Silk Sonic is everything. Bruno Mars and Anderson .Paak weren’t just the best thing about the 63rd Annual Grammy Awards broadcast way back in March, they were the only thing actually entertaining in an altogether dire broadcast. The pair made their new Silk Sonic known that night and, last month, made good on the promise with their first album. There’s nothing groundbreaking about An Evening With Silk Sonic (Aftermath/Atlantic), there doesn’t need to be and they never said there would be. It’s a quick half hour of attitude and old school grooves that floats from the speakers (think Stylistics, Commodores, Chi-Lites) with none other than Bootsy Collins calling out through the proceedings. It’s not all throwback—lyrically they’re not trying to hide their youthful age—but the fellas, with a veritable orchestra of strings and horns, are firmly entrenched in nostalgia for music a good decade older than they are. “Smokin Out the Window” may well be the jam of the year, and should, at least make Spielberg realize how big a boat he missed by not casting them in West Side Story.

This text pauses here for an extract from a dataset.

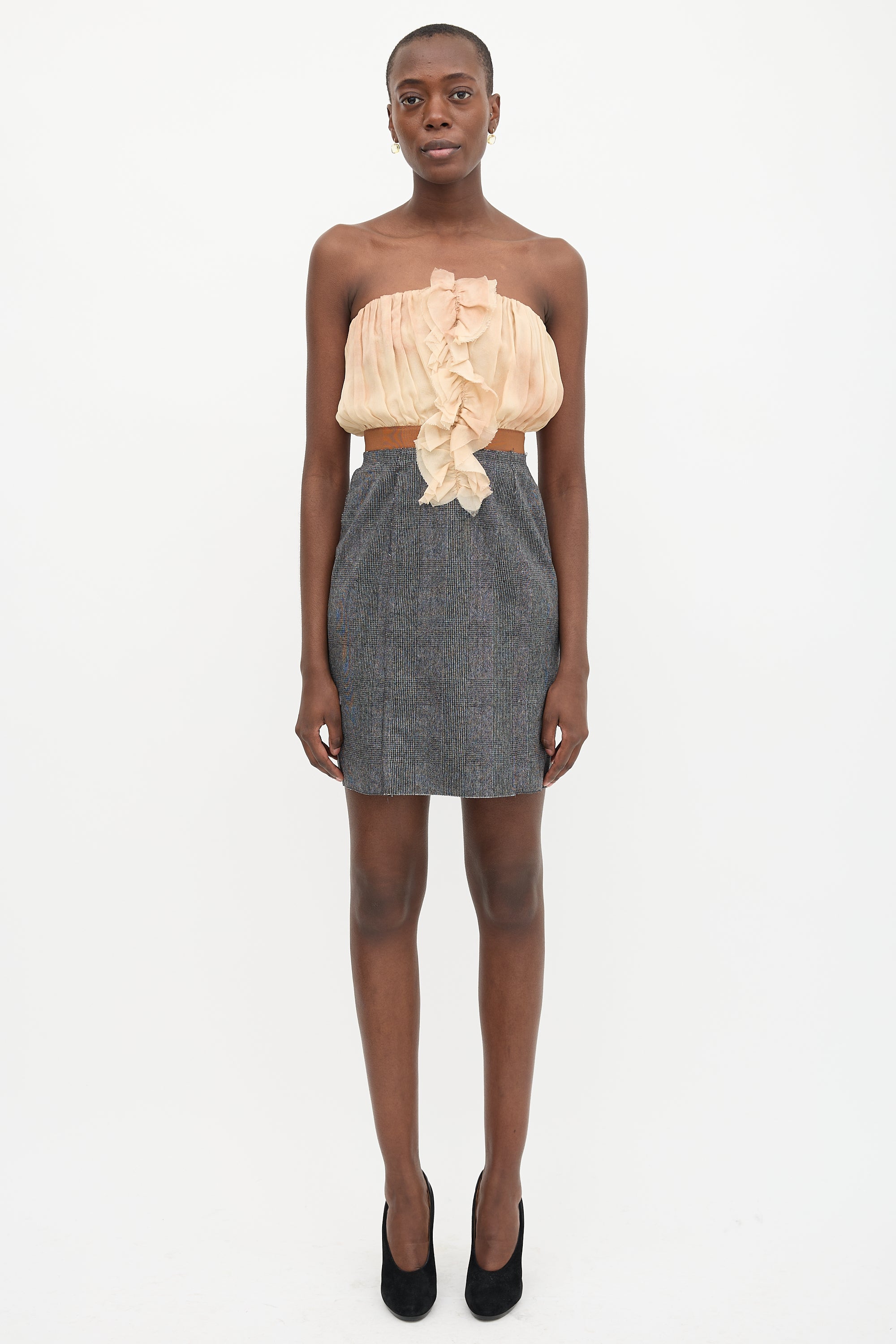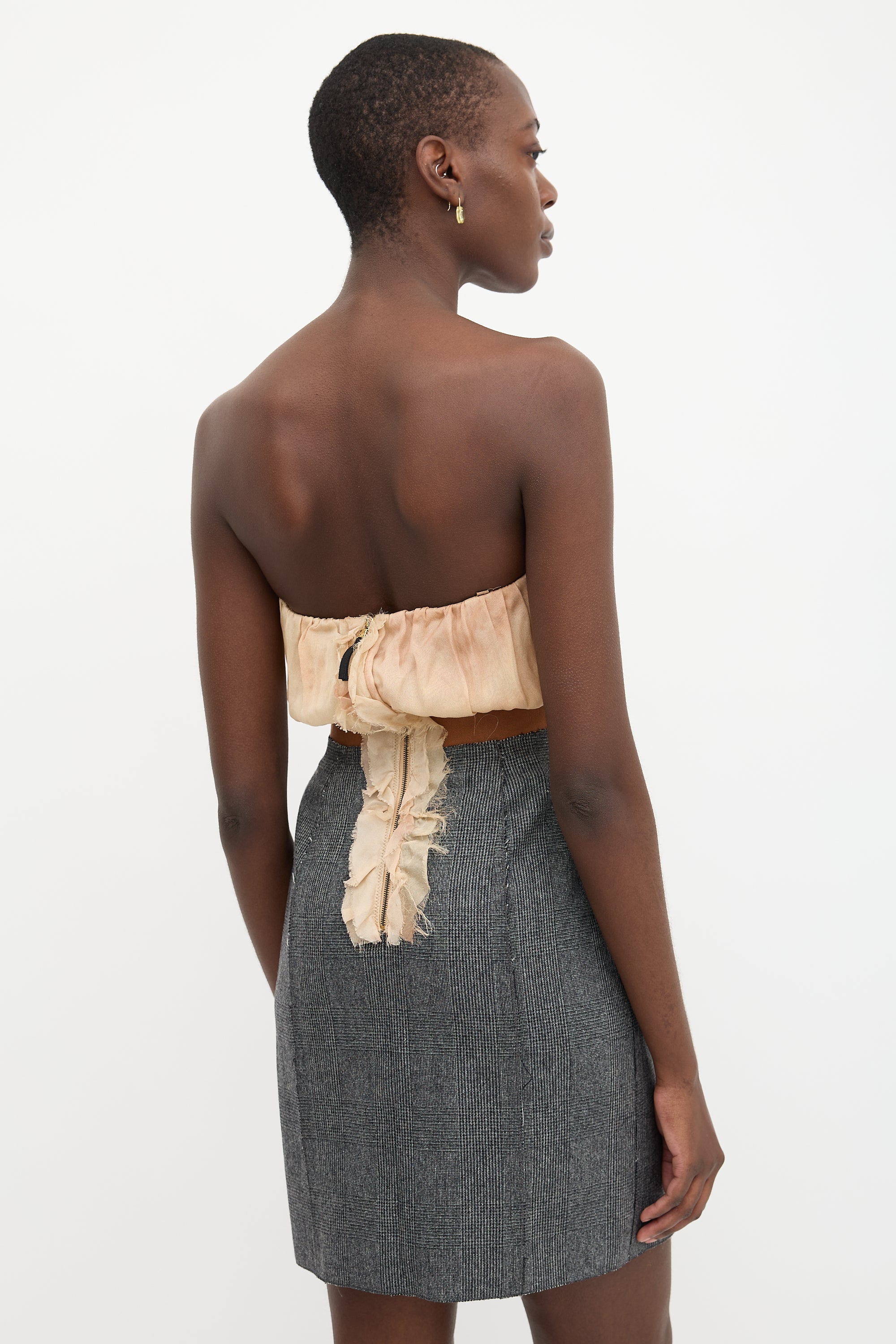 Pre-owned Dolce & Gabbana D&G beige chiffon and grey tweed strapless dress featuring front chest ruffle, interior corset top, grosgrain waistband, and back zip closure.

To name but Phew. The singer Hiromi Moritani, known for more than 40 years by the stage name “Phew,” has always been hard to pin down, even within the ever eccentric realms of Japanese experimental rock. She’s established close relationships with German Krautrock and industrial elders and Downtown New York players, while working with the likes of the always inventive Otomo Yoshihide and Boredoms guitarist Seiichi Yamamoto back home. A reissue of her long out-of-print recording debut with the band Aunt Sally doesn’t do much to help pin her down, but it’s good fun trying. The band’s 1979 self-titled and sole release (out Dec. 2 digitally and on vinyl via Mesh-Key) is a wonderfully perplexing mix of anything-goes punk attitude with a childlike sense of innocence and discovery. While Aunt Sally is regarded as one of Japan’s first punk bands, there’s not much that sounds punk on the album. Closer parallels might be drawn to 60’s iconoclasts Captain Beefheart and Can or the British punk-era band the Raincoats. (In recent years, in fact, Phew has been working with Raincoats co-founder Ana Da Silva.) The album is barely a half hour but it’s simple joys (including songs built around “Heart and Soul” and “Frère Jacques”) make it easy to leave on repeat play.

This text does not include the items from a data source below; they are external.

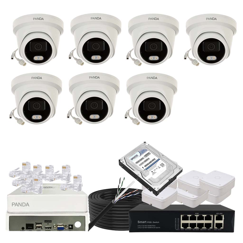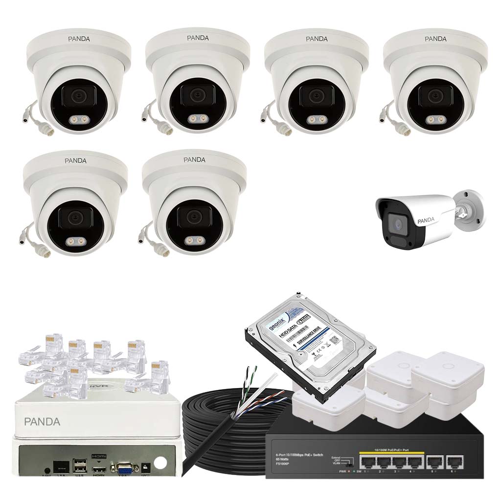Panda Blue Series IP CCTV kit with 6 dome and 1 bullet 4MP IP cameras featuring color night vision and built-in audio. Includes 8-channel NVR, 8 PoE + 2 Uplink PoE configuration and 1TB HDD.
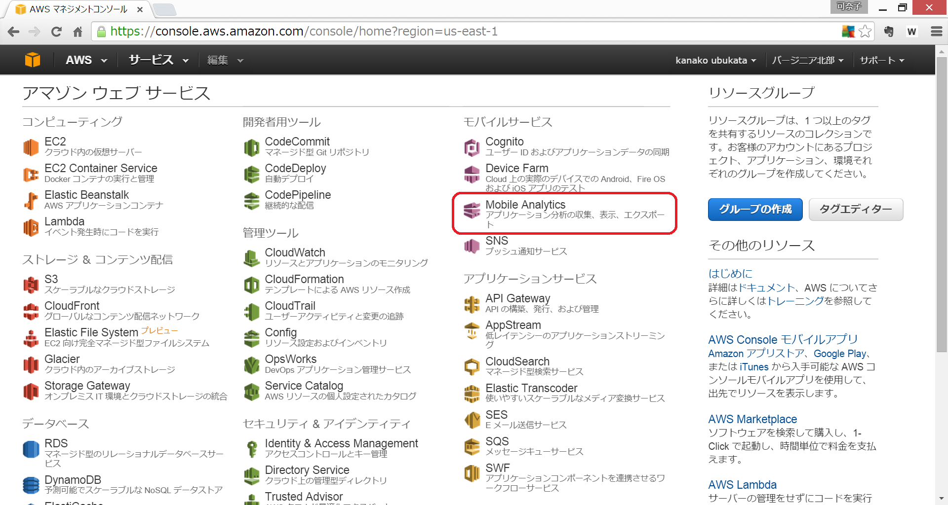 AWSのサービス一覧が表示されますので、「Mobile Analytics」を選択します。
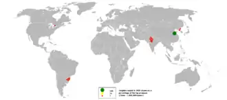 According to the United States Geological Survey (USGS), world production of natural graphite in 2016 was 1,200,000 tonnes, of which the following major exporters are: China (780,000 t), India (170,000 t), Brazil (80,000 t), Turkey (32,000 t) and North Korea (6,000 t).[75] Graphite is not currently mined in the United States, but there are many historical mine sites including ones in Alabama, Montana, and in the Adirondacks of NY.[76] Westwater Resources is in the development stages of creating a pilot plant for their Coosa Graphite Mine near Sylacauga, Alabama.[77] U.S. production of synthetic graphite in 2010 was 134,000 t valued at $1.07 billion.[47]
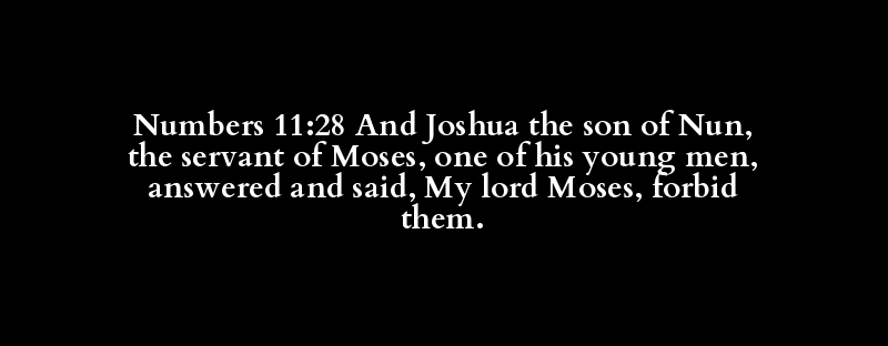 Numbers 11:28 And Joshua the son of Nun, the servant of Moses, one of his young men, answered and said, My lord Moses, forbid them.

Shilpa Ray is sick of it all. It’s been a long four years since Shilpa Ray cemented in song the glory days of Lower East Side indie rock on her Door Girl, documenting the desperation and violence of a scene she was pushing her way through. That album deserves to go down with the first records by New York Dolls and Blondie as love songs for the ugliness of the city. Recent Ray songs have been slow in coming, showing up on comps here and there or as digital singles, but taken together makes a strong suggestion that she’s as sick of society as she used to be of the scene. Her recent Bandcamp upload “Bootlickers of the Patriarchy” shows that not even the sisters get a pass in her taking of no prisoners. Hopefully there’s an album in the works. The world can’t wait much longer.

ON STAGE

Last month I wrote at length in these pages about Patti Smith, in particular about the power of her live shows. It’s something that shouldn’t be missed, and she’ll be playing her almost annual birthday concert (marking her 75th) at Brooklyn Steel on Dec. 28. But I can’t in good faith suggest going and I can’t in honesty say that I’ll be there. The emergence of the omicron variant should demonstrate to anyone who doubted as much that we’re still in the midst of a pandemic. As of press time, masks aren’t required indoors in New York state if proof of vaccination is shown at the door, but that isn’t a policy that’ll stop the spread, and there’s nothing prohibiting venues from being stricter than state guidelines. Bowery Presents venues—including Brooklyn Steel—aren’t requiring masks (also as of press time). The vaccine doesn’t keep anyone from carrying and transmitting the virus and symptoms might not show up for days after contamination, meaning anyone in a crowd could be unknowingly infected. I’ve been vaxxed and boosted and I’ll be sticking with venues where masks are required. Acting like we’re out of the woods is what’s keeping us in the woods.